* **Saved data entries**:

►

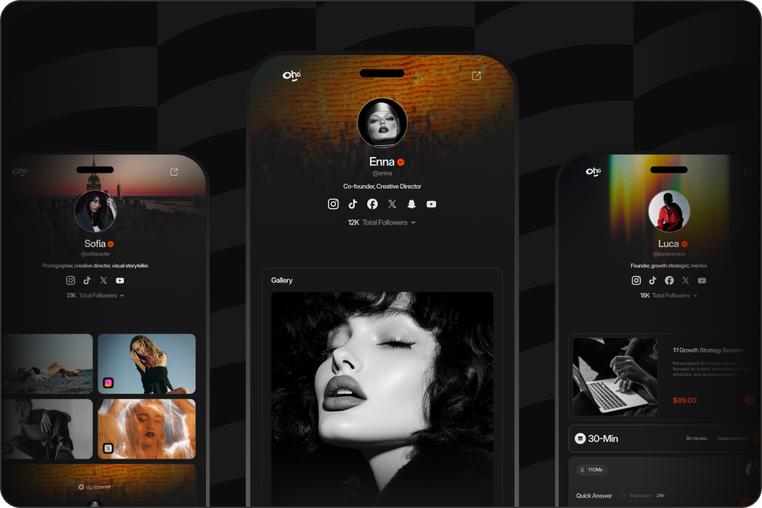Creators across the world use Oho to sell, book, grow, and get paid from one profile.
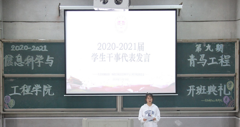在与会领导、老师为2019-2020届员工干部颁发了任职聘书之后,2020-2021届员工干部代表19电信1班张旭和新任员工干事代表20级教技849班金欢相继发言。
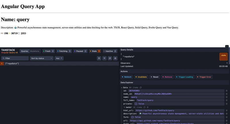 - It incorporates Angular Query devtools for debugging and inspection.
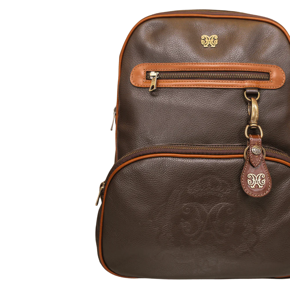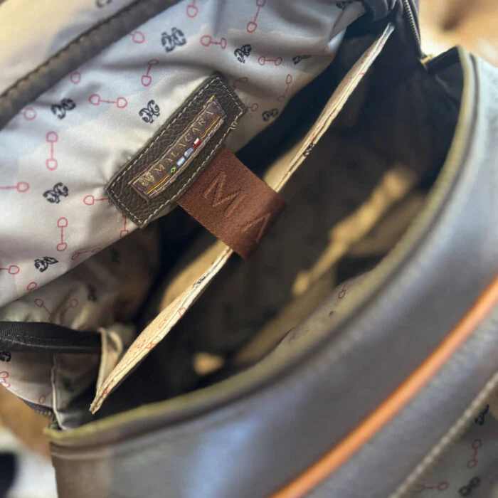 The metal front with the Malacara logo is a detail that adds a subtle and striking charm, while the leather straps and handles with buckles provide a special touch, combining style and practicality. With antique silver-plated metals, the backpack has a unisex appeal, suitable for anyone who values quality and design.
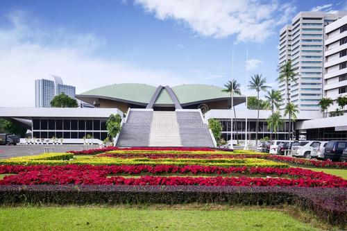 人民协商会议大楼前的建筑和花坛
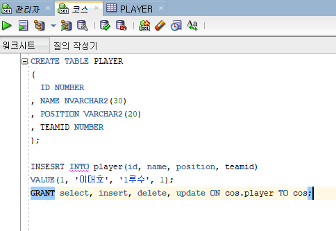 GRANT select, insert, delete, update ON cos.player TO cos;
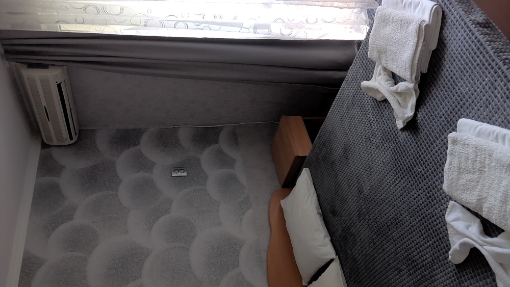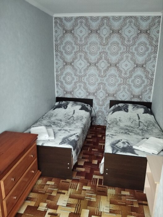 В одной комнате 2-х спальная кровать, в другой две раздельные.
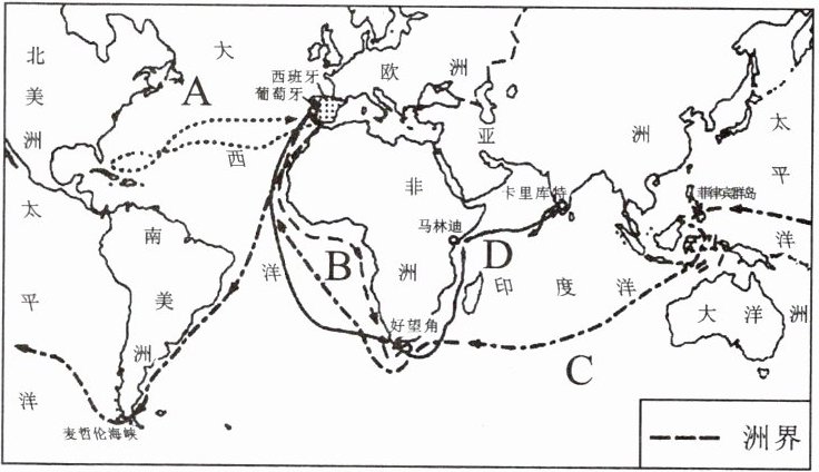 13.新航路开辟时,哥伦布和达.伽马的地理发现使新发现地区的主权归属问题浮出水面。为了缓和西、葡两国日益尖锐的矛盾,教皇亚历山大六世出面确定了一条西、葡势力范围的分界线。葡萄牙国王表示不满,经过重划,巴西被划入葡萄牙的势力范围。这反映了新航路开辟 (
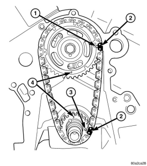 3. Place timing chain around crankshaft sprocket with the plated link (2) lined up with the dot on the sprocket. Install camshaft sprocket into position.
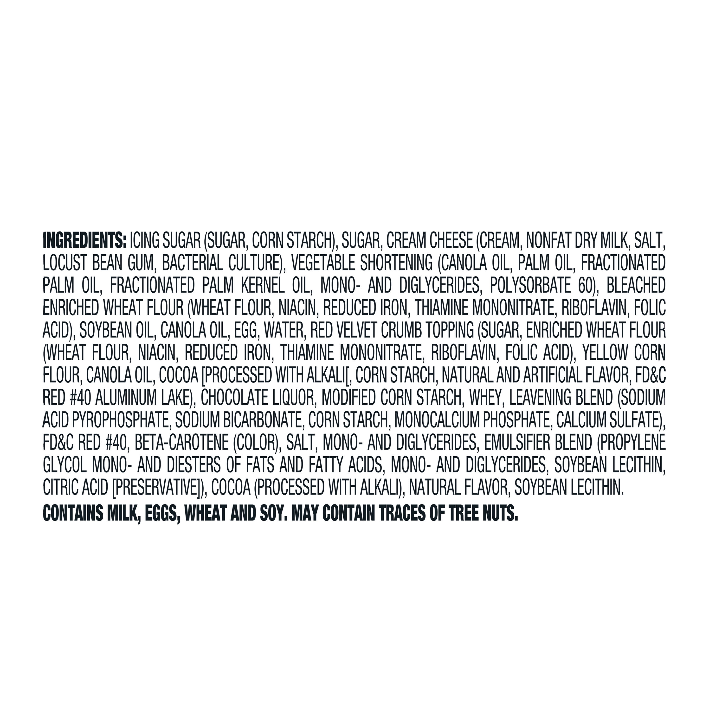 - Red velvet cake topped and filled with real cream cheese icing and red velvet crumbs
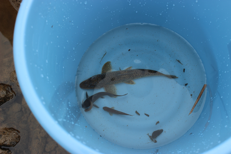 30分ほど経過するとボチボチ魚の捕獲が明るみになってきた。各々のバケツを覗いていくと概ね右の写真のような感じで、5〜6匹の魚が獲れている。これはガサガサを目的としてそれだけをやった成果としてはかなり少ない。
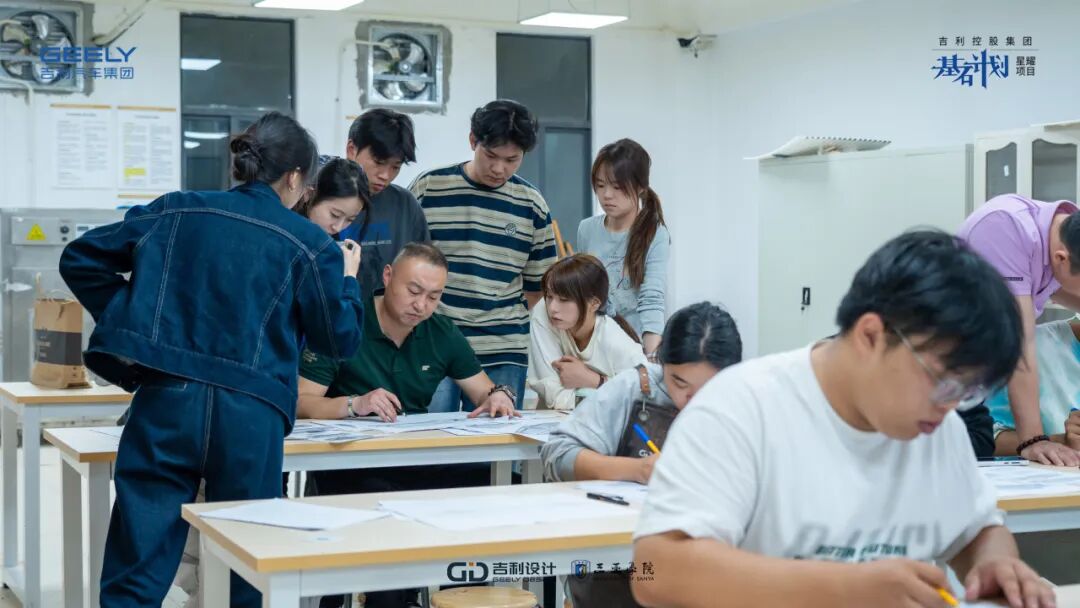這場“塑型攻堅戰(zhàn)”徹底進入白熱化階段,油泥實驗室的燈光幾乎每晚都亮到深夜。吉利設計導師開啟高強度一對一指導模式,針對每個模型的短板逐一突破:這邊剛剛調(diào)整完車頭的俯沖姿態(tài),那邊又馬不停蹄優(yōu)化車尾的圓潤弧度;更關鍵的是,油泥模型的每一處改動,都需要同步反饋到圖紙上進行二次同步調(diào)整,這種“模型與圖紙雙向校準”的實戰(zhàn)模式,讓學子們真切感受到了產(chǎn)業(yè)設計的嚴謹與專業(yè)。校企導師團隊與學子們早已不分彼此,白天一起打磨模型、修改圖紙,不放過任何一個細節(jié);晚上圍坐在一起復盤問題、優(yōu)化方案,哪怕疲憊不堪,眼里也滿是對完美的追求。反復的推倒重來沒有磨掉大家的斗志,反而讓每個人都更加堅定——唯有在實戰(zhàn)中反復打磨,才能交出真正經(jīng)得起產(chǎn)業(yè)檢驗的作品。
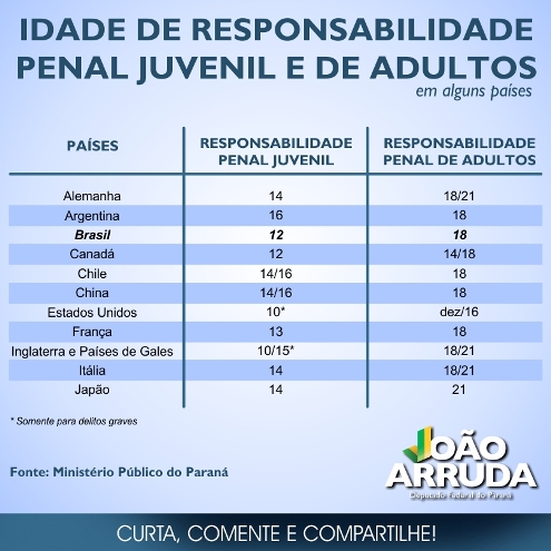 O levantamento, feito com base em levantamentos da UNICEF, revela que o Brasil, com a idade de 12 anos para Responsabilidade Penal Juvenil e de 18 anos Responsabilidade Penal de Adultos, está muito próximo da legislação da maioria dos países.

◄

* **WHAT YOU NEED TO DO**:
With the pictures left out, write out exactly the lines above from the one containing "人民协商会议大楼前的建筑和花坛" through the one containing "30分ほど経過するとボチボチ".

* **SOLUTION TO THIS PROBLEM**:
 人民协商会议大楼前的建筑和花坛
 GRANT select, insert, delete, update ON cos.player TO cos;
 В одной комнате 2-х спальная кровать, в другой две раздельные.
 13.新航路开辟时,哥伦布和达.伽马的地理发现使新发现地区的主权归属问题浮出水面。为了缓和西、葡两国日益尖锐的矛盾,教皇亚历山大六世出面确定了一条西、葡势力范围的分界线。葡萄牙国王表示不满,经过重划,巴西被划入葡萄牙的势力范围。这反映了新航路开辟 (
 3. Place timing chain around crankshaft sprocket with the plated link (2) lined up with the dot on the sprocket. Install camshaft sprocket into position.
 - Red velvet cake topped and filled with real cream cheese icing and red velvet crumbs
 30分ほど経過するとボチボチ魚の捕獲が明るみになってきた。各々のバケツを覗いていくと概ね右の写真のような感じで、5〜6匹の魚が獲れている。これはガサガサを目的としてそれだけをやった成果としてはかなり少ない。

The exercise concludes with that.